Kenya Power Managing Director and CEO Joseph Siror has announced that the utility firm is prepared for competition in the power distribution market. During an interview on a local TV station on Thursday, May 23, 2024, Siror expressed KPLC’s readiness to welcome new companies to support their mission of providing uninterrupted power supply.
Siror defended his position on ending the monopoly by highlighting that many areas in the country remain unconnected to the power grid. He emphasized that the entry of new companies would aid the utility firm in ensuring that all regions of the country receive electricity.
“We are very ready for competition. We see any new entrant not so much as a competitor but as a partner towards ensuring that there is no dark part in this country,” Siror stated.
The KPLC CEO asserted that the new companies will complement the utility firm’s dedication to ensuring those connected to the grid get reliable power connections.
” For reliability to be there, you must have redundancy, you must have multiple sources of power supplying the same customer,” he added.
On April 2, 2024, the Energy and Petroleum Regulatory Authority (EPRA) proposed a licence to allow firms to import electricity for sale to consumers or those generating power locally to export to other countries. The draft Energy Electric Power Undertaking Licensing Regulations, 2024 contained the proposal.

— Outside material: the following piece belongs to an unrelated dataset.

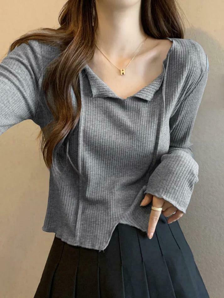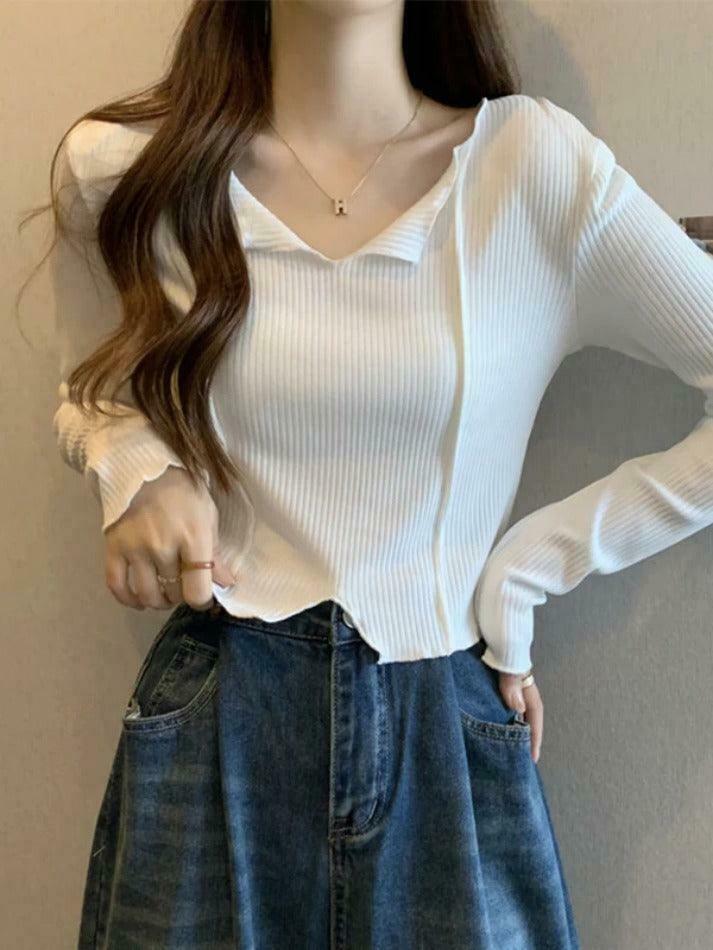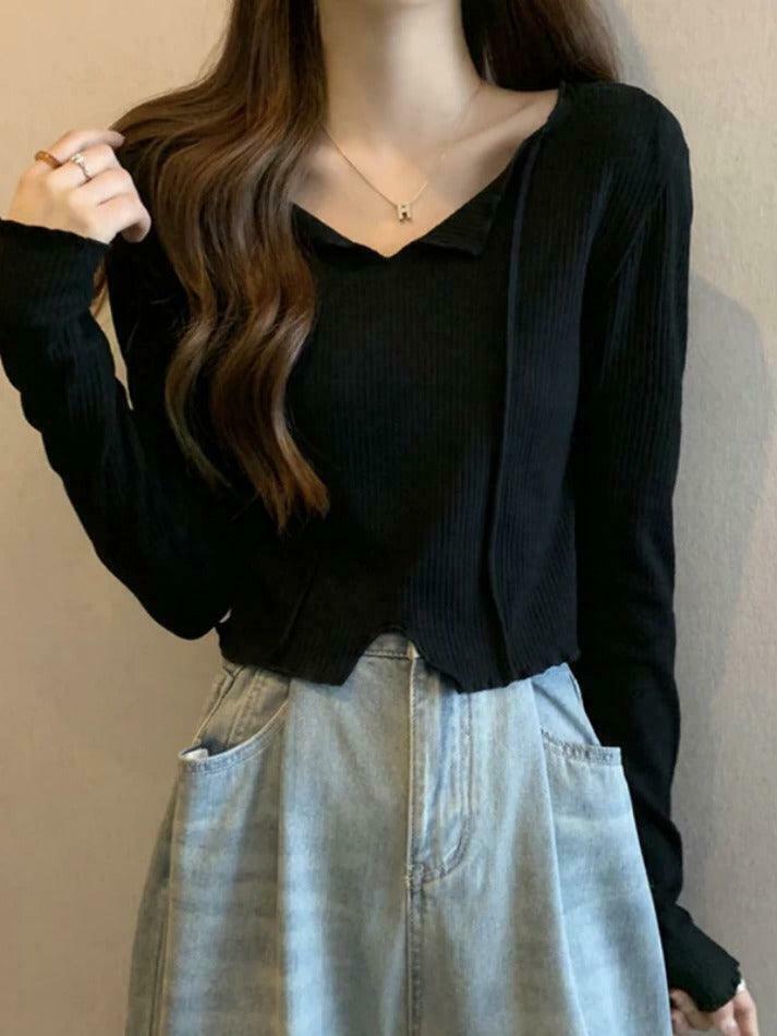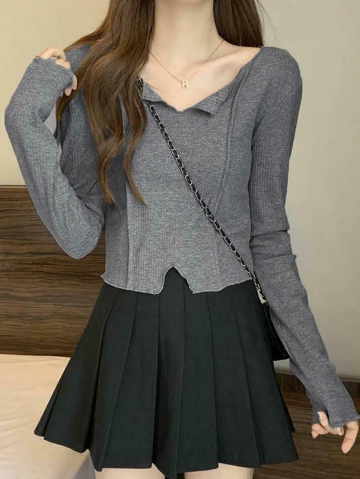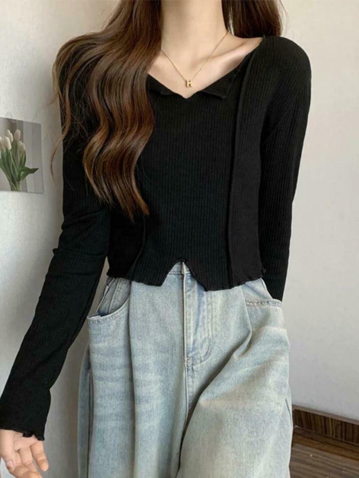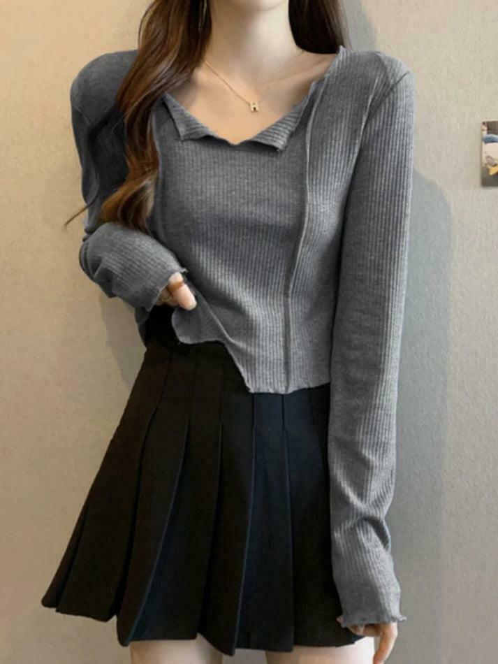 Casual Outfits Y2k Solid V- Neck Slit Hem Long Sleeve Knit T – Outfit Ideas High-quality product featuring prom dresses, spring outfits, business casual outfits and more. Modern design that fits the latest trends. Premium materials ensure durability and comfort. Order now for special offers! Product designed with attention to every detail. Suitable for all occasions and personal styles.

“The Authority may, on receipt of an application, grant the applicant any of the following categories of licence; Electricity export/import licence, which shall entitle the holder to export or import electrical energy to or from another country,” the regulator proposed.
Understanding profit margins
At the same time, Siror announced that the company only makes 10 per cent in profits out of the amount it receives from consumers for electricity bills.

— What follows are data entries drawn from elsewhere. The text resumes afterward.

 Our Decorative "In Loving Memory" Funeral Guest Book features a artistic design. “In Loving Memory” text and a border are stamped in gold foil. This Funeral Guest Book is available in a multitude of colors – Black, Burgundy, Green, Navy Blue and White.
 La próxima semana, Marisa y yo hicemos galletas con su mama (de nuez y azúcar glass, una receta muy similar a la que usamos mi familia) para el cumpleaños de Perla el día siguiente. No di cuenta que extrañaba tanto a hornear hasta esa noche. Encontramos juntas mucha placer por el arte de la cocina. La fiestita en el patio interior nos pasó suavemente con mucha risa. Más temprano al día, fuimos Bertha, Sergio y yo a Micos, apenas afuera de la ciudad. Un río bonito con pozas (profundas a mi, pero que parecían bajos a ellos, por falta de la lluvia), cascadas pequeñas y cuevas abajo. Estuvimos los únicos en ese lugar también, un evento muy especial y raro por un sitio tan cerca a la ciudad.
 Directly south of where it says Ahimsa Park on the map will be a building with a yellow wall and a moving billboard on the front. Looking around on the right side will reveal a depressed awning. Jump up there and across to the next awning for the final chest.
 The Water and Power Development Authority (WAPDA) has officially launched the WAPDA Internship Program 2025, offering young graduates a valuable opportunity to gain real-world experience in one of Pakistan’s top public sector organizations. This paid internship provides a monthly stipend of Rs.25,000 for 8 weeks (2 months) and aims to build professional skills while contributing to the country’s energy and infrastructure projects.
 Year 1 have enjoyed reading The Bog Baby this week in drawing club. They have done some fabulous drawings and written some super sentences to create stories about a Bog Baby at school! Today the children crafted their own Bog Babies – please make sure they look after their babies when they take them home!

He described the low profit margin to losses incurred during the transmitting process.
“Kenya Power operates as a commercial entity but there are those other programmes which the government does by virtue of the recognition of the importance of power and they normally come under the Last Mile scheme,” Siror remarked.

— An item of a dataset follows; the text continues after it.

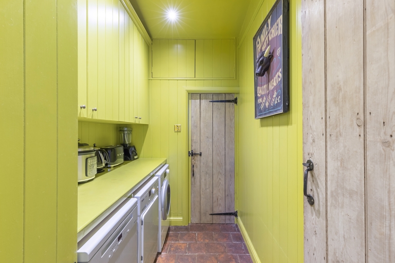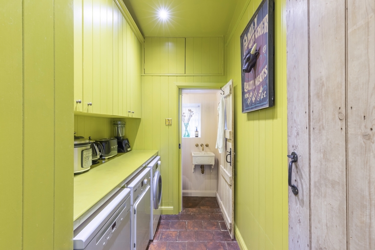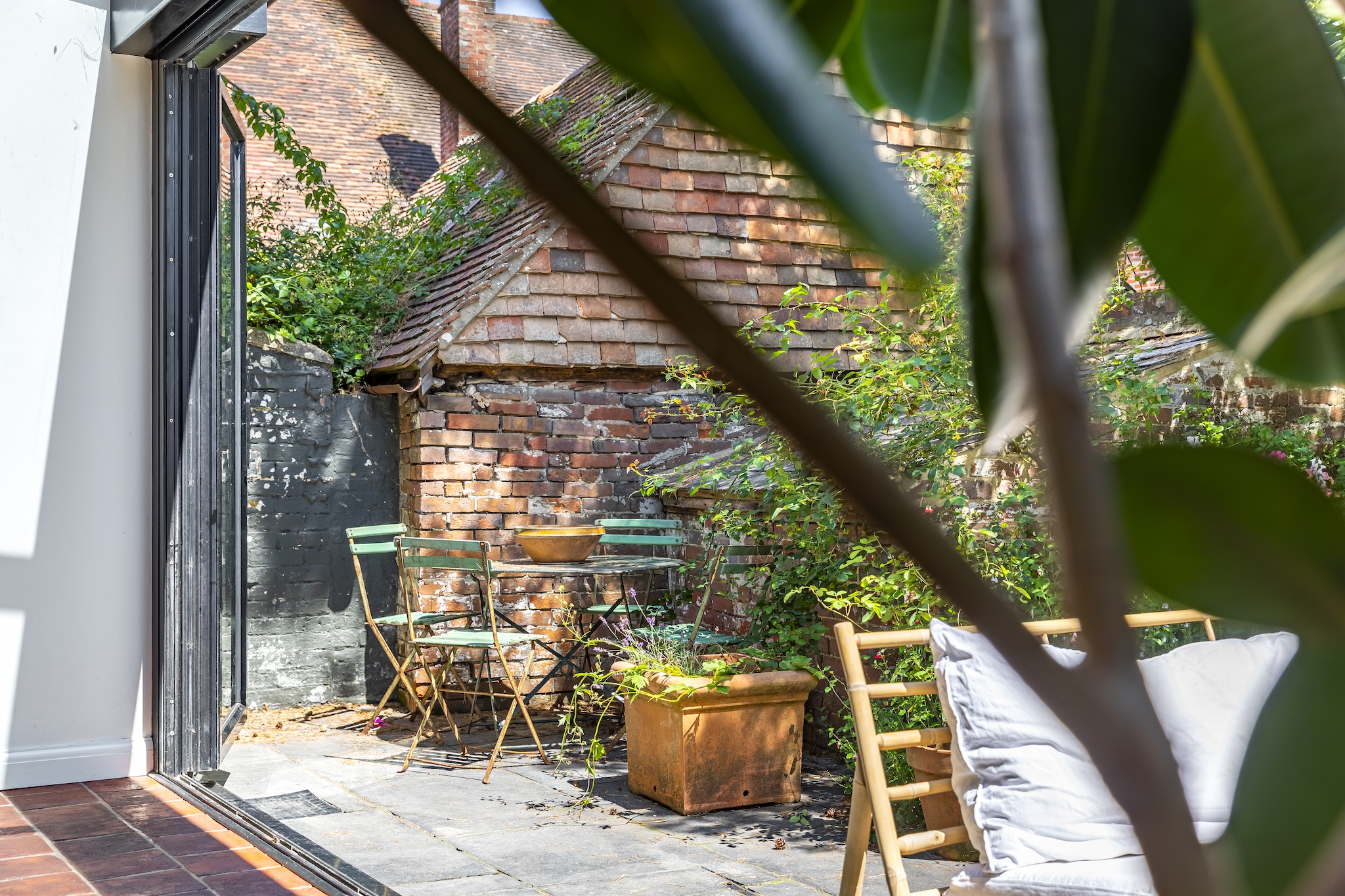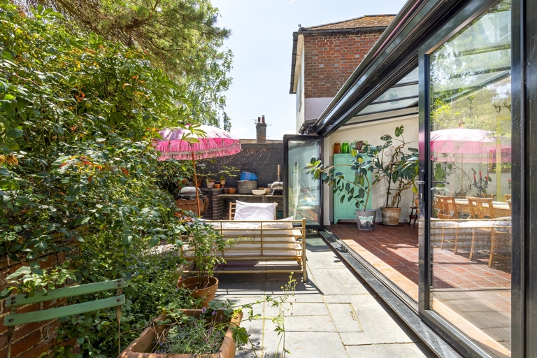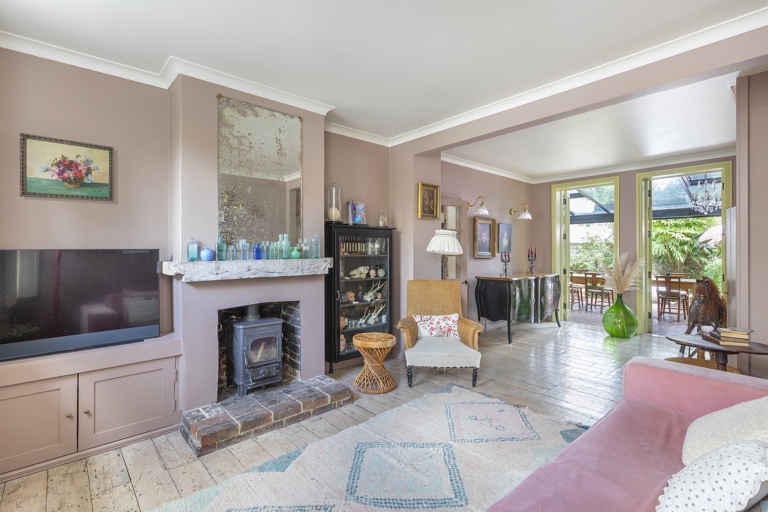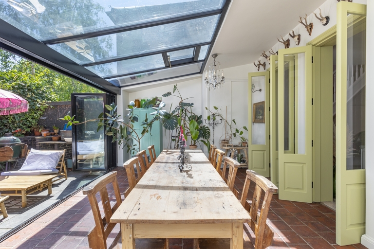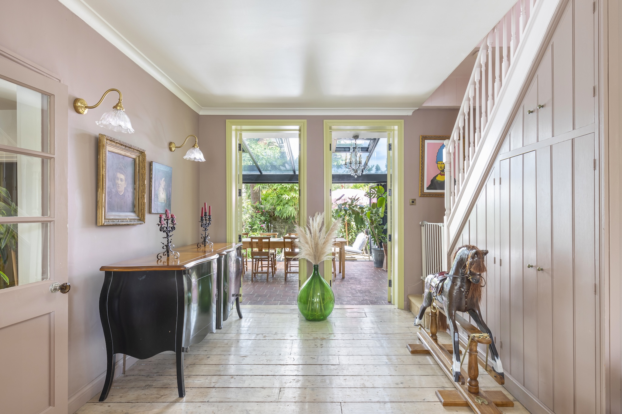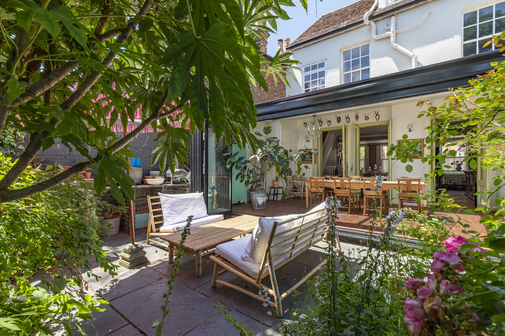 At the rear of the property, a stunning garden room runs the full length of the house, opening out onto a private walled courtyard garden—an ideal setting for elegant outdoor dining shoots.

“There is no provision for the cost that one would incur in putting the transformer; it would have come directly from Kenya Power resources,” he added.
However, Energy Cabinet Secretary Davis Chirchir noted that his ministry has put up measures to help KPLC become a profit-making venture in the next four years.
“Reliability is something we are seriously working on. The other thing that we are working on seriously to improve the performance of Kenya Power is to reduce power loses. We have given Kenya Power a target to bring down the power loses to about 16 per cent within the next 3-4,” Chirchir insisted.